Exercise:
Apart from the images, the records below need to be copied exactly.

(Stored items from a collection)

::::

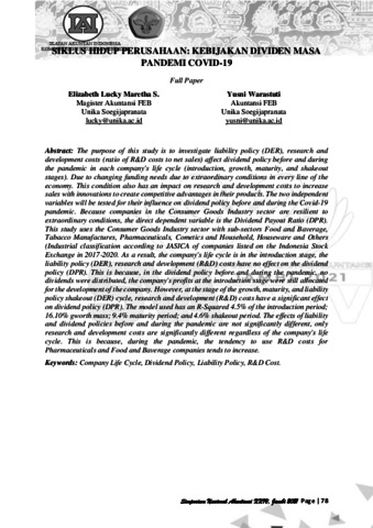 Sitinjak, Elizabeth Lucky Maretha and Yusni Warastuti, YW Abstrak:Siklus Hidup Perusahaan: Kebijakan Dividen di Masa Pandemi Covid-19. Universitas Katolik Soegijapranata. (Unpublished)
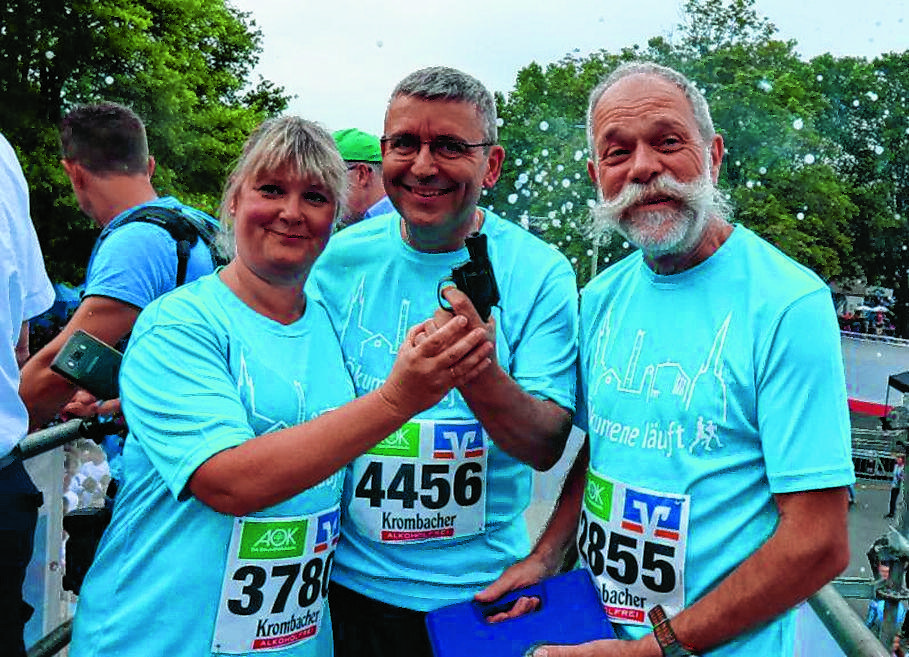 Die Idee wurde beim 6. Siegerländer Firmenlauf geboren. In diesem Jahr wurde eine Rekordbeteiligung von 19 Läuferinnen und Läufern erreicht. Gemeinsam gingen sie auf die Strecke von 5,2 Kilometern. „Als Gruppe in einem Starterfeld von 8 500 Teilnehmern gemeinsam ans Ziel zu kommen, war eine echte Herausforderung“, berichtet Reimund Ditsche. „Es war aber auch eine Erfahrung, achtsam zu sein, auf den anderen Rücksicht zu nehmen und so den gemeinsamen Ziel­einlauf zu erreichen.“ Glaube und Laufen hätten gemeinsam, dass beide die Gemeinschaft und das Miteinander suchen und ein gemeinsames Ziel haben. Besonderheit in diesem Jahr war, dass Stephanie Kafka-­Klein von der evangelischen Kirchengemeinde Klafeld und Dechant Karl-Hans Köhle von der katholischen Kirchengemeinde St. Joseph Weidenau den Startschuss zum Firmenlauf gaben.
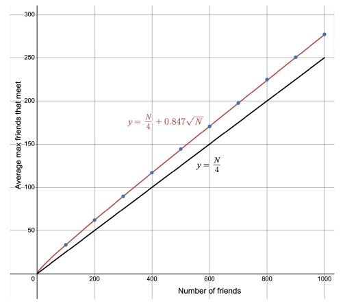 The “clumpiness” of arrival times — or how much greater the true average maximum is than N/4, turns out to scale with the square root of N. The graph below shows how N/4 + 0.847√N is an excellent approximation of the true behavior up to 1,000 friends. As N gets very large, the term that’s proportional to N grows much larger than the term that’s proportional to √N, so that the ratio between the average maximum number of friends who meet and N indeed approaches 1/4.
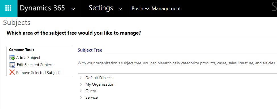 Taking a page from the SharePoint world, and looking inwards to the Dynamics 365 platform, and in particular at the Customer Service app, we find a somewhat slimmed-down version of Taxonomy definition in the Subjects area. You can find it under Settings > Business Management > Subjects.
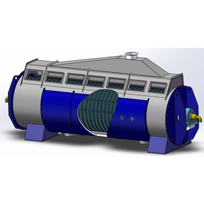 The complete rotary sludge dryer contains screw conveyor, disc dryer, de-duster, vapor condenser and washing scrubber. Wet sludge from screw press sludge dehydrator usually contains 70-80% moisture. Sludge is continuously fed by the screw conveyor to the rotary sludge dryer where it will be heated. The moisture in the material vaporizes and drawn by air blower.
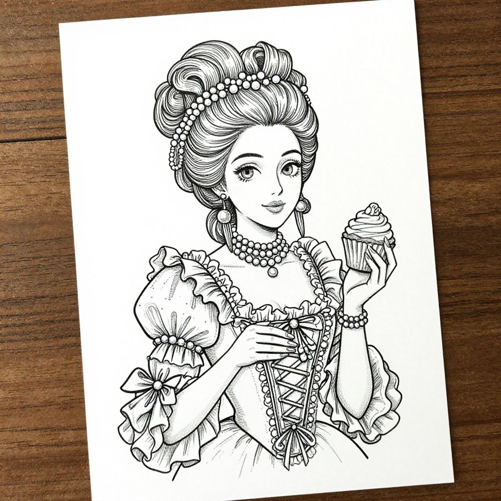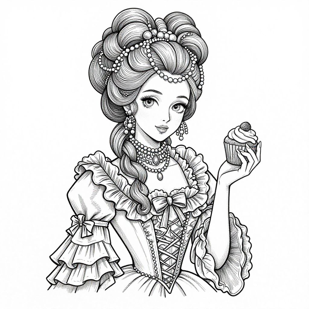 A detailed line art illustration in a Rococo-inspired fantasy style depicts a woman with elaborate big hair adorned with pearls, wearing a ruffled dress and holding a cupcake, rendered in black-and-white digital art by Mitzi Sato-Wiuff, ideal for cards and crafts.
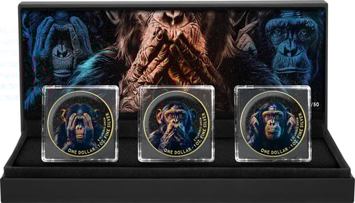 - Motiv: Die ikonischen drei Affen, eingefangen in einer Münzserie, die Weisheit und Ästhetik vereint.
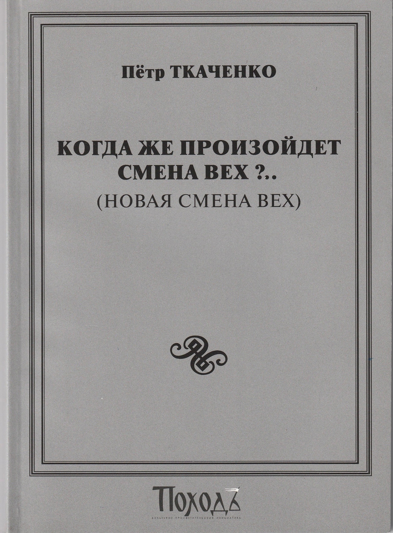 "...Ровно через сто лет после выхода сборника «Вехи» появился новый сборник философских трудов и глубинных размышлений под названием: «Когда же произойдёт смена вех? …(Новая смена вех)». И автором этой работы выступило уже не семь знаменитых философов, учёных, юристов, а лишь один человек - П.И. Ткаченко.
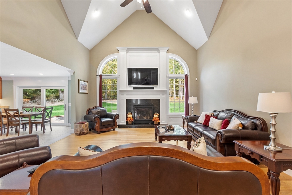 Step into a one-of-a-kind custom-built Cape Cod home designed with comfort, accessibility, and timeless style in mind. Perfectly situated just steps away from the Historic Ashby Common, this stunning residence offers a private wooded setting that delivers the ideal blend of charm and privacy. You will love the dramatic vaulted-ceiling family room creating the perfect centerpiece for relaxing or entertaining. The family room flows seamlessly to the large eat in kitchen, dining room, and out to the beautiful patio. This thoughtfully designed property features two main bedroom suites, including a spacious first-floor accessible master bedroom. This design provides unmatched flexibility for multi-generational families or those seeking long-term convenience. The property's radiant heating system also ensures warmth and efficiency throughout the seasons, adding to the home’s inviting atmosphere. There are too many upgrades to list in the 1000 character limit! Don't miss it!
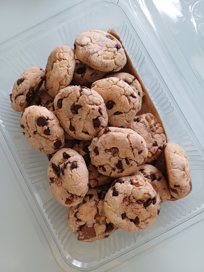 Şeffaf plastik kutuda sunulan, yumuşak ve gevrek dokulu çikolatalı cevizli kurabiye paketi. Taze yapılıp gönderilir kilosu
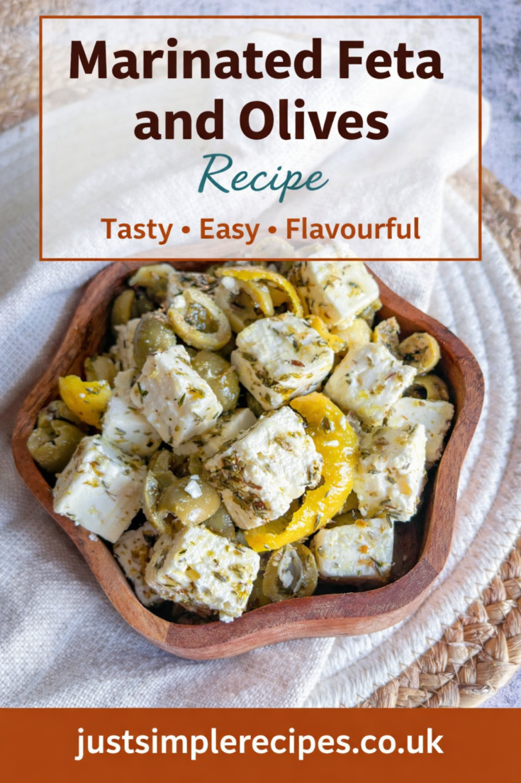 Marinated olives and feta is a bold, Mediterranean-inspired appetiser with creamy feta cubes, briny green olives, garlic, lemon peel and herbs steeped in extra virgin olive oil. It's a no-cook, make-ahead dish that's ready in 10 minutes of prep and sits overnight in the fridge. Perfect for meze boards, parties, or a simple snack with bread.
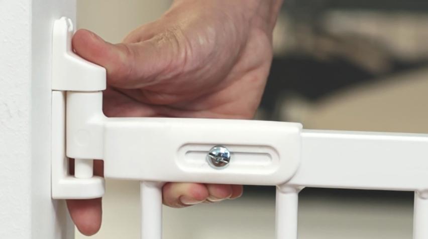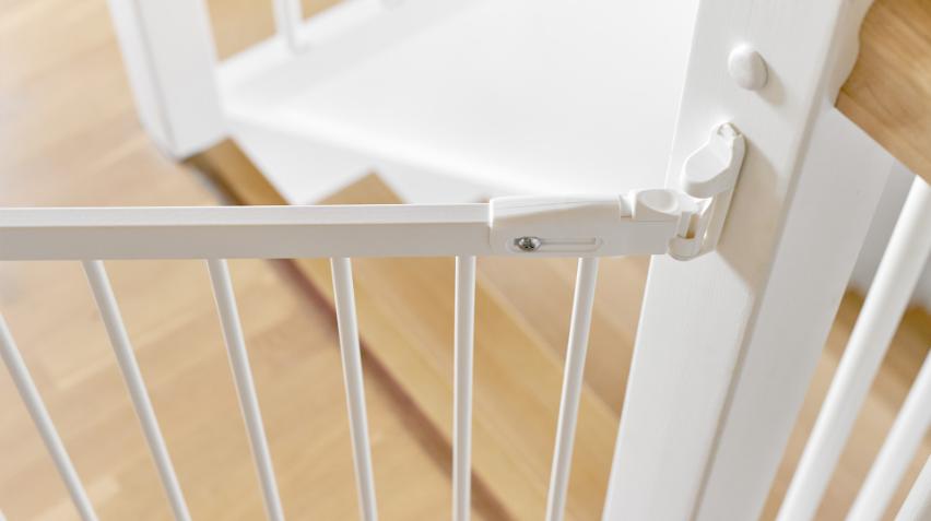 Når gitteret er skruet fast til væggen eller dørkarmen, gør den unikke og børnesikrede Quick Release-funktion det nemt og hurtigt at fjerne igen, hvis du f.eks. er i gang med rengøringen eller får gæster. Gitteret kan fjernes uden brug af værktøj.

::::

Output:
 Sitinjak, Elizabeth Lucky Maretha and Yusni Warastuti, YW Abstrak:Siklus Hidup Perusahaan: Kebijakan Dividen di Masa Pandemi Covid-19. Universitas Katolik Soegijapranata. (Unpublished)
 Die Idee wurde beim 6. Siegerländer Firmenlauf geboren. In diesem Jahr wurde eine Rekordbeteiligung von 19 Läuferinnen und Läufern erreicht. Gemeinsam gingen sie auf die Strecke von 5,2 Kilometern. „Als Gruppe in einem Starterfeld von 8 500 Teilnehmern gemeinsam ans Ziel zu kommen, war eine echte Herausforderung“, berichtet Reimund Ditsche. „Es war aber auch eine Erfahrung, achtsam zu sein, auf den anderen Rücksicht zu nehmen und so den gemeinsamen Ziel­einlauf zu erreichen.“ Glaube und Laufen hätten gemeinsam, dass beide die Gemeinschaft und das Miteinander suchen und ein gemeinsames Ziel haben. Besonderheit in diesem Jahr war, dass Stephanie Kafka-­Klein von der evangelischen Kirchengemeinde Klafeld und Dechant Karl-Hans Köhle von der katholischen Kirchengemeinde St. Joseph Weidenau den Startschuss zum Firmenlauf gaben.
 The “clumpiness” of arrival times — or how much greater the true average maximum is than N/4, turns out to scale with the square root of N. The graph below shows how N/4 + 0.847√N is an excellent approximation of the true behavior up to 1,000 friends. As N gets very large, the term that’s proportional to N grows much larger than the term that’s proportional to √N, so that the ratio between the average maximum number of friends who meet and N indeed approaches 1/4.
 Taking a page from the SharePoint world, and looking inwards to the Dynamics 365 platform, and in particular at the Customer Service app, we find a somewhat slimmed-down version of Taxonomy definition in the Subjects area. You can find it under Settings > Business Management > Subjects.
 The complete rotary sludge dryer contains screw conveyor, disc dryer, de-duster, vapor condenser and washing scrubber. Wet sludge from screw press sludge dehydrator usually contains 70-80% moisture. Sludge is continuously fed by the screw conveyor to the rotary sludge dryer where it will be heated. The moisture in the material vaporizes and drawn by air blower.
 A detailed line art illustration in a Rococo-inspired fantasy style depicts a woman with elaborate big hair adorned with pearls, wearing a ruffled dress and holding a cupcake, rendered in black-and-white digital art by Mitzi Sato-Wiuff, ideal for cards and crafts.
 - Motiv: Die ikonischen drei Affen, eingefangen in einer Münzserie, die Weisheit und Ästhetik vereint.
 "...Ровно через сто лет после выхода сборника «Вехи» появился новый сборник философских трудов и глубинных размышлений под названием: «Когда же произойдёт смена вех? …(Новая смена вех)». И автором этой работы выступило уже не семь знаменитых философов, учёных, юристов, а лишь один человек - П.И. Ткаченко.
 Step into a one-of-a-kind custom-built Cape Cod home designed with comfort, accessibility, and timeless style in mind. Perfectly situated just steps away from the Historic Ashby Common, this stunning residence offers a private wooded setting that delivers the ideal blend of charm and privacy. You will love the dramatic vaulted-ceiling family room creating the perfect centerpiece for relaxing or entertaining. The family room flows seamlessly to the large eat in kitchen, dining room, and out to the beautiful patio. This thoughtfully designed property features two main bedroom suites, including a spacious first-floor accessible master bedroom. This design provides unmatched flexibility for multi-generational families or those seeking long-term convenience. The property's radiant heating system also ensures warmth and efficiency throughout the seasons, adding to the home’s inviting atmosphere. There are too many upgrades to list in the 1000 character limit! Don't miss it!
 Şeffaf plastik kutuda sunulan, yumuşak ve gevrek dokulu çikolatalı cevizli kurabiye paketi. Taze yapılıp gönderilir kilosu
 Marinated olives and feta is a bold, Mediterranean-inspired appetiser with creamy feta cubes, briny green olives, garlic, lemon peel and herbs steeped in extra virgin olive oil. It's a no-cook, make-ahead dish that's ready in 10 minutes of prep and sits overnight in the fridge. Perfect for meze boards, parties, or a simple snack with bread.
 Når gitteret er skruet fast til væggen eller dørkarmen, gør den unikke og børnesikrede Quick Release-funktion det nemt og hurtigt at fjerne igen, hvis du f.eks. er i gang med rengøringen eller får gæster. Gitteret kan fjernes uden brug af værktøj.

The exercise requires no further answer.